Юга вдруг охватило нетерпение, и он быстро вошел в ворота дома, который служил одновременно и постоялым двором, и складом, и канатной мастерской, и трактиром. Там он спросил комнаты, но путешественникам могли предложить только какие-то узкие кельи, где помещалась лишь жалкая кровать да таз для умывания; беленные известью стены были покрыты малопристойными, а то и вовсе непристойными надписями и рисунками. В этих местах имелась несколько более благоустроенная гостиница, но она находилась на некотором расстоянии от пристани, а София до такой степени устала, что предпочла остаться здесь, тем более что полы были довольно чистые, с моря дул легкий ветерок, в больших кувшинах стояла пресная вода и можно было смыть с себя дорожную пыль. Пока путешественники кое-как устраивались, Виктор отправился на пристань что-либо разузнать. Немного передохнув, София, Оже и Эстебан собрались вокруг стола, где для них был приготовлен ужин – фасоль и рыба; над столом горел фонарь, о его стекла с негромким треском ударялись привлеченные светом насекомые. Едва приезжие собрались приняться за еду, как вдруг появилась туча мошкары, налетевшей с наступлением ночи с окрестных болот. Мошкара эта забивалась в уши, в нос, в рот, пробиралась за воротник и скользила по спине, точно мелкий холодный песок. Не обращая никакого внимания на дым, поднимавшийся от сухих кокосовых орехов, которые жгли на жаровне, чтобы прогнать насекомых, надоедливые москиты все налетали и налетали роями, тучами и больно кусали лицо, руки, ноги.

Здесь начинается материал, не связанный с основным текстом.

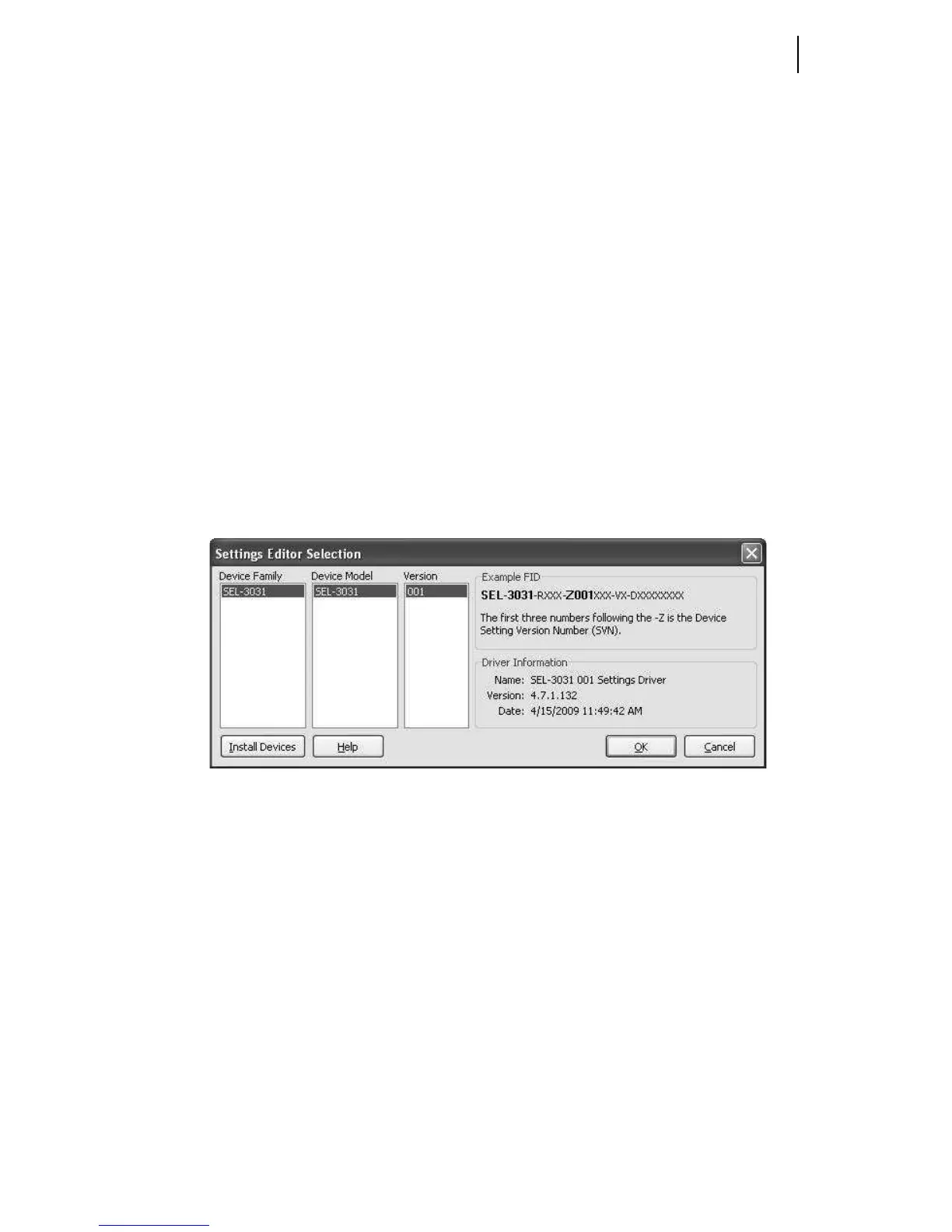 files from a driver that you specify in the Settings Editor Selection dialog box.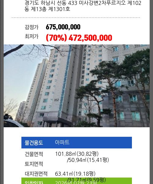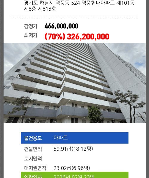 | 매각대상 | 건물만매각, 미납, 재매각, 법정지상권, 대항력있는임차인 | 경매종류 | 강제경매 | 사건접수일 | 2022-05-30 |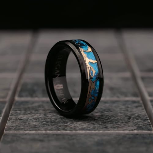 Elegant Bear - خاتم من كربيد التنجستين الاسود مرصع بالالياف الكربونية الزرقاء A139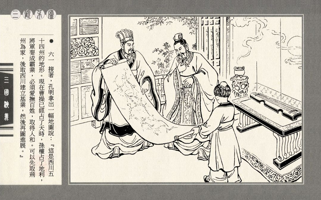 Vậy là bất chấp khí trời khắc nghiệt (tuyết rơi ngập đường núi), Lưu Bị kéo theo 2 ông em không ngớt lời kêu ca là Quan Vũ và Trương Phi đến nhà tranh thỉnh Gia Cát Khổng Minh ra giúp phục hưng Hán thất. Không chịu nổi thịnh tình 3 lần đến viếng của Lưu Huyền Đức, Khổng Minh rốt cuộc phải nhận lời và định ra thế chân vạc từ lều cỏ.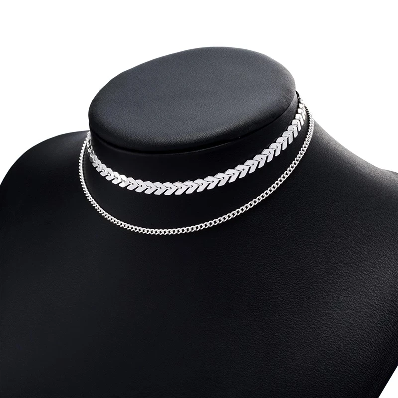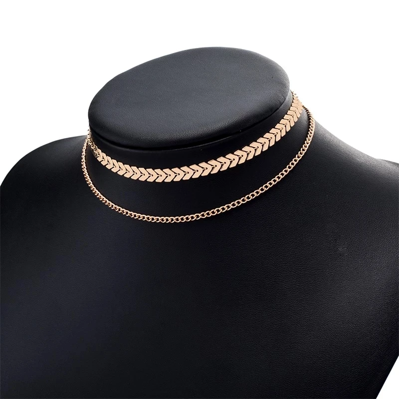 Женское Двухслойное ожерелье-чокер, ожерелье золотистого цвета в форме рыбьего самолета, плоская цепочка, бижутерия, 2021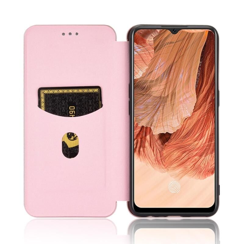 Για OPPO F17 / A73 (2020) Θήκη οριζόντιας αναδίπλωσης από TPU + PC + Δέρμα PU με υφή ανθρακονήματος και θήκη για κάρτες (ρόζ)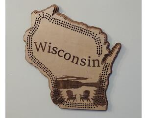 Wisconsin cribbage board, laser cut wood in Wisconsin shape, ...
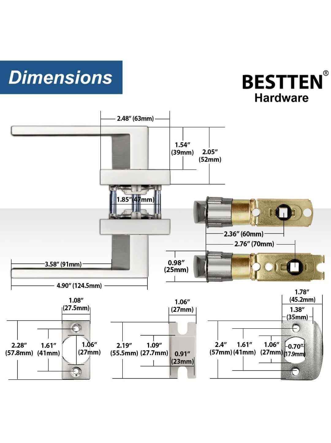 No Warranty & Support Look at ALL info and pictures before ordering 4 pack The pictures show 5. But One door knob is missing the parts. The rest (the other 4) are complete. Material Zinc Brand BESTTEN Color Satin Nickel Door Lever Exterior Finish Zinc Special Feature Easy to Install Style Passage Handle Type Lever Shape Square Finish Type Nickel Finish About this item Removable latch plate for doors with round latch holes that have not been inlet for rectangle plates. Saves time on new installation All metal construction passage door lever set. For interior closet, hallway, etc. Doors with no lock. Satin Nickel finish Fits 2-3/8" – 2-3/4"(60-70mm) backsets and door thickness from 1-3/8" to 1-3/4" (35-45mm) Reversible handle design fits both right-handed and left-handed doors Certified Grade-3 Security by ANSI/BHMA 4 pack Product Description BESTTEN Monaco Passage Door Lever Set The electroplated finish is fashionable and hard-wearing to look great for years to come. The robust all metal construction includes a solid metal lever, a steel latch, and heavy duty steel rack and cam mechanism with hardened steel components, providing outstanding strength and durability. The lever is reversible to fit both right and left-handed doors. An adjustable latch design fits almost all standard doors. All of these features add up to a door lever set of unparalleled quality, style, and longevity in its class. Click to play video Product information Item details Brand Name BESTTEN Included Components Latch Model Number DL2-PS-SN-5PK Manufacturer BESTTEN No Warranty & Support ASIN B0963PY6HT Measurements Item Weight 1.96 Pounds Unit Count 5.0 Count Number of Items 4 No Warranty & Support Materials & Care Material Type Zinc Metal Type Zinc Handle Material Metal Style Color Satin Nickel Door Lever Style Name Passage Exterior Finish Zinc Shape Square Finish Types Nickel Finish Features & Specs Handle Type Lever Additional Features Easy to Install Lock Type Passage Hand Orientation Ambidextrous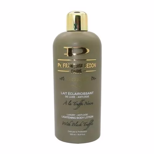 Professor Francoise Bedon IMPERIALE LUXE body lotion with black truffle, specially adapted to black and half-box skins, is carried out through its 100% natural active ingredients. This formula treats and helps remove scars and blemishes caused by pregnancy, age, or sun exposure. Thanks to the anti-aging virtues of the black truffle, it is a daily strong youth actor for your skin. For exceptional effectiveness, first wash your skin with Professor Francoise Bedon IMPERIALE Soap and then apply IMPERIALE Body Lotion, which you mix with Lightening IMPERIALE Serum. Apply once or twice a day, insisting on your hands, elbows and knees.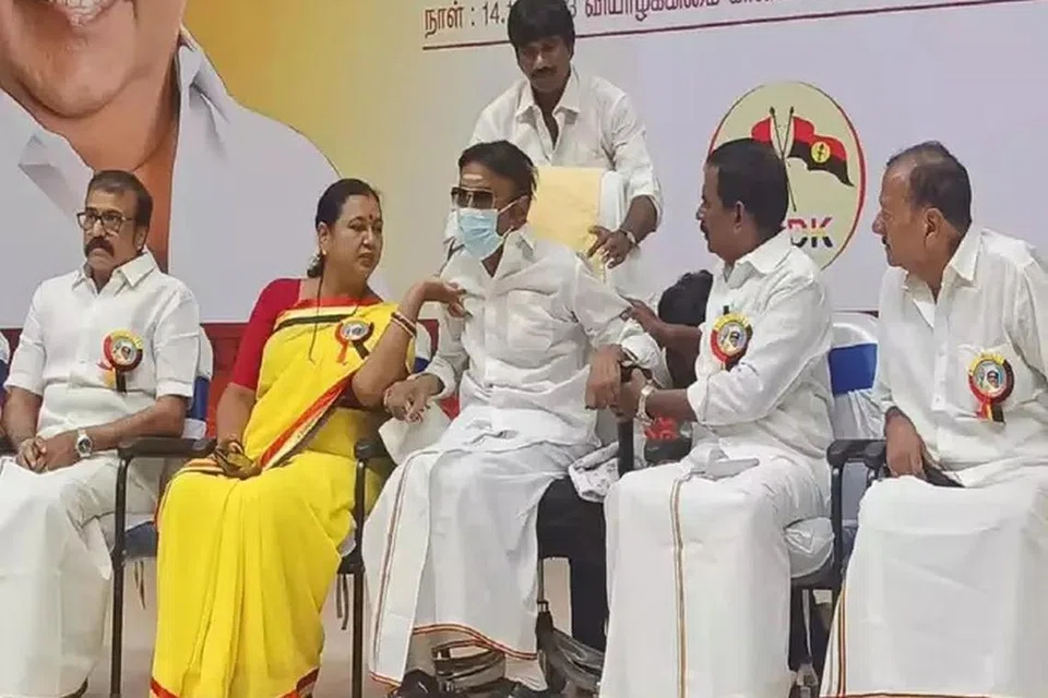 திருவேற்காடு ஜிபிஎன் பேலஸ் திருமண மண்டபத்துக்குள் சக்கர நாற்காலியில் விஜயகாந்த்தை அழைத்து வந்தபோது, கட்சி நிர்வாகிகளும் அவரது தொண்டர்களும் கூக்குரலிட்டு தங்களது மகிழ்ச்சியை வெளிப்படுத்தினர்.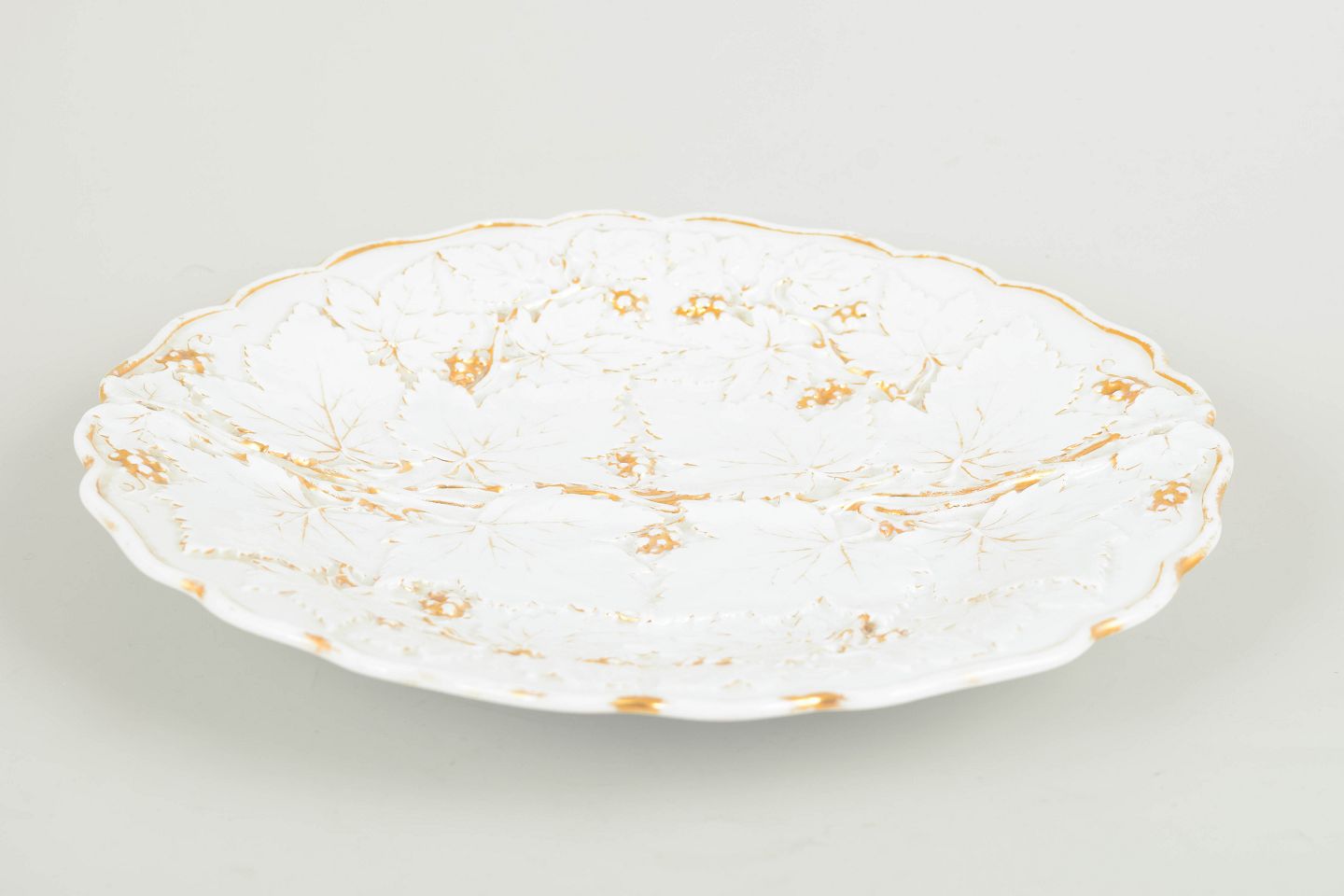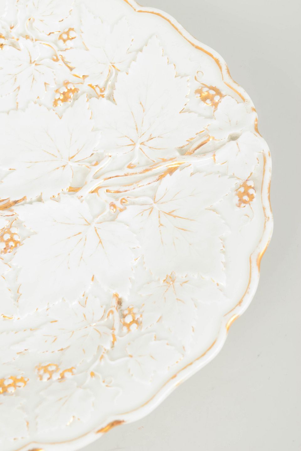 Porcelain dish by Meissen with relief-moulded leaf decoration and hand-painted gilt details. A refined late-19th-century piece with scalloped edges and delicate naturalistic motifs.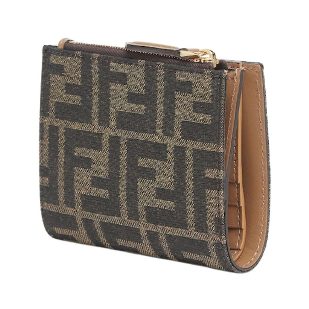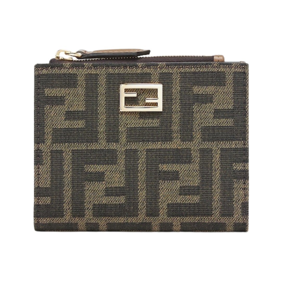 Brieftasche aus Jacquard mit FF-Muster in Browner Farbe 9.5cm
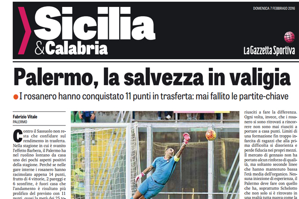 Gazzetta dello Sport: “Palermo, la salvezza in valigia. Undici punti conquistati in trasferta e partite chiave mai fallite”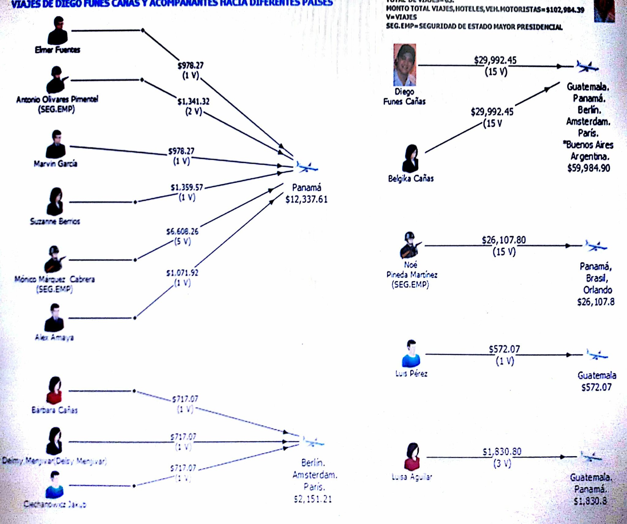 Además de las cirugías, a la actual pareja del expresidente, que está con él en Nicaragua, se le atribuyen pagos de tarjetas de crédito por un monto de $26,349.53; compra de vehículos por $208,800.00; además de otros gastos, como en gastos hospitalarios y en supermercados, agregando viajes de placer, algunos hechos junto con su madre.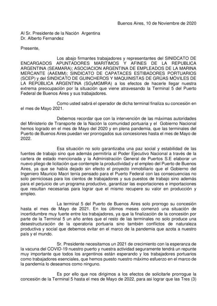Los sindicatos del sector, adheridos a la Fempinra, le enviaron una carta al presidente de la nación, Alberto Fernández, con el objetivo de que el Jefe de Estado considere extender la concesión del muelle en cuestión hasta mayo de 2022, así como sí serán las concesiones de la Terminal 4 y la terminal Río de La Plata.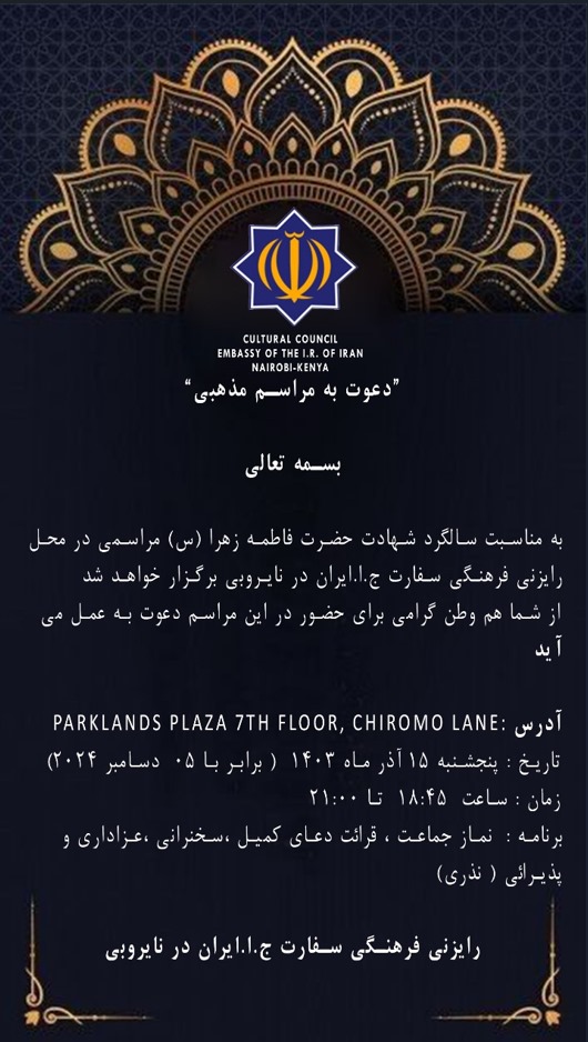 به مناسبت شهادت حضرت فاطمه زهرا (س) مراسمی روز پنجشنبه مورخ 15 آذرماه 1403 برابر با 5 دسامبر 2024 در محل رایزنی فرهنگی سفارت جمهوری اسلامی ایران در نایروبی برگزار میگردد. حضور تمام هموطنان گرامی در این مراسم موجب امتنان خواهد بود.
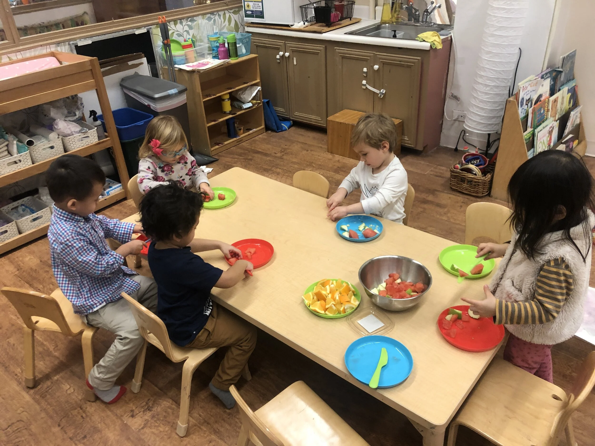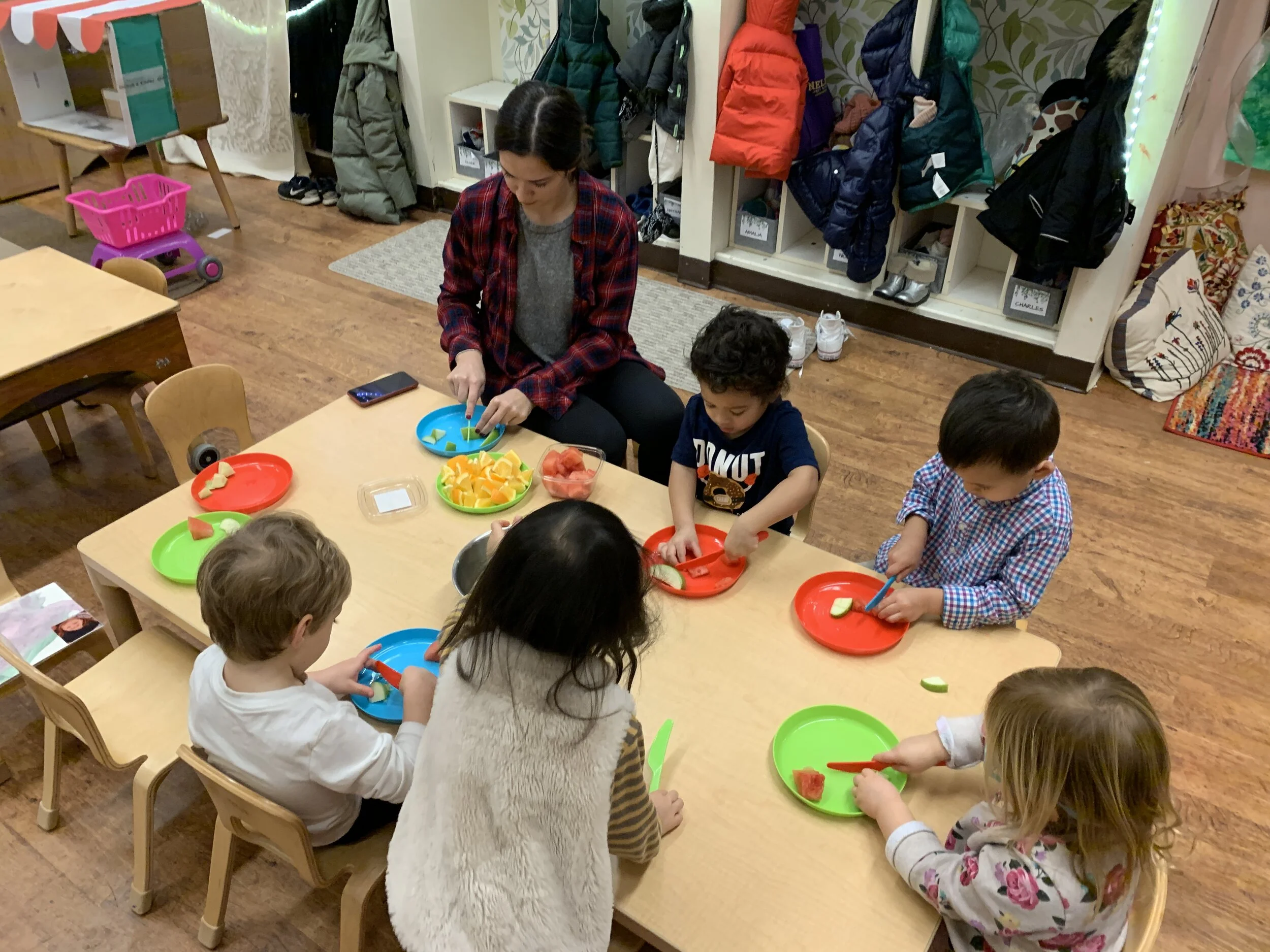 On Friday, we took another trip to the grocery store to buy ingredients for a fruit salad. Before we left, the children collectively decided that we should buy oranges, green apples, and watermelon. When we arrived back at school, the children used plastic knives to cut up our fruit. We also talked about how to say orange (naranja), watermelon (sandía), and apple (manzana) in Spanish. After, the children took turns mixing while we counted to 5 in Spanish. Then, we enjoyed! This cooking activity allowed us to do more grocery store research, engaged their fine motor muscles, and gave us a chance to practice our Spanish and counting.
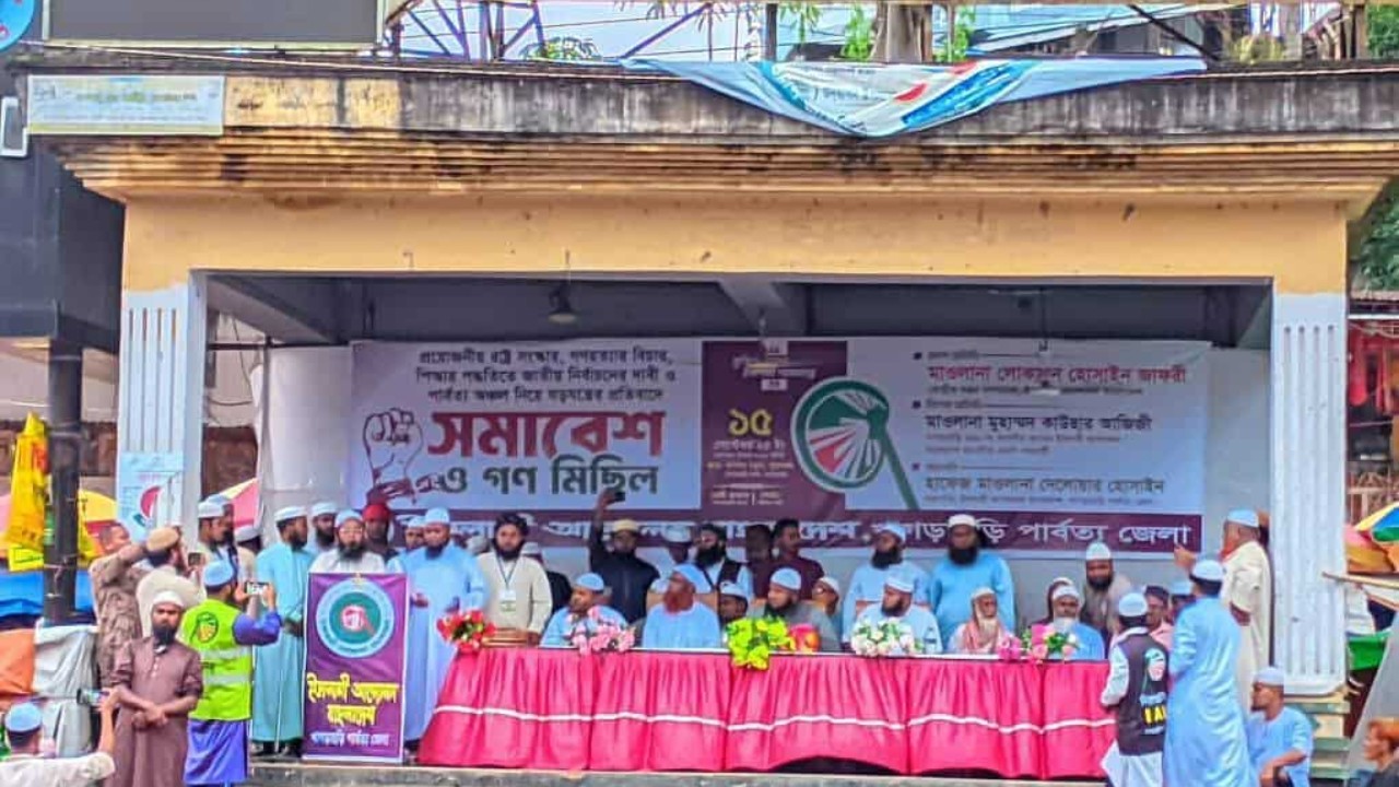 পিআর পদ্ধতিতে জাতীয় সংসদ নির্বাচন, প্রয়োজনীয় রাষ্ট্র সংস্কার ও গণহত্যার বিচার দাবিতে খাগড়াছড়িতে গণ মিছিল ও সমাবেশ করেছে ইসলামী আন্দোলন বাংলাদেশ ।

– Я больше не могу! – жалобно крикнула София, убегая к себе в комнату.
Там она забралась под полог от москитов, предварительно погасив обе свечи, стоявшие на табурете, который заменял ночной столик. Но и тут она слышала неотступное жужжание насекомых. Мука продолжалась и под дырявым, разъеденным сыростью грубым тюлем. Высокий пронзительный звук раздавался то у виска, то у плеча, то возле лба, то возле подбородка, затем наступала короткая пауза – москит садился на тело, и острый укол, пронзавший кожу, тут же давал об этом знать. София ворочалась с боку на бок, хлопала себя по лицу, ударяла по бедрам, по лопаткам, по икрам, по груди. В ушах у нее звенело от дрожавших в воздухе крохотных крылышек, и чем ближе подлетало насекомое, тем мучительнее становился этот назойливый звон. В конце концов девушка свернулась клубком под жесткой простынею, напоминавшей парусину, и укрылась с головой. Во сне она вспотела до такой степени, что и покрывало, поверх которого она легла, и жесткая подушка, к которой прижалась щекой, промокли от пота… Когда София открыла глаза, уже совсем рассвело: голенастые петухи с большими шпорами кукарекали в помещении для петушиных боев; тучи москитов исчезли, но девушка чувствовала себя совершенно разбитой и больной. Мысль о том, что придется провести еще один день – еще одну ночь – в этом месте, где даже пресная вода была солоноватой, где с самого утра стояла жара и духота, где так больно кусались москиты, показалась ей нестерпимой. Набросив халат, она спустилась в лавку за уксусом, чтобы растереть тело, покрывшееся волдырями от укусов. За столом сидели Оже, Эстебан и Виктор, они пили черный кофе в обществе какого-то капитана, который, несмотря на ранний час, был в форме: сходя с корабля, он надел свой синий форменный сюртук с позолоченными пуговицами. На его выбритых щеках виднелись свежие царапины – следы плохой бритвы.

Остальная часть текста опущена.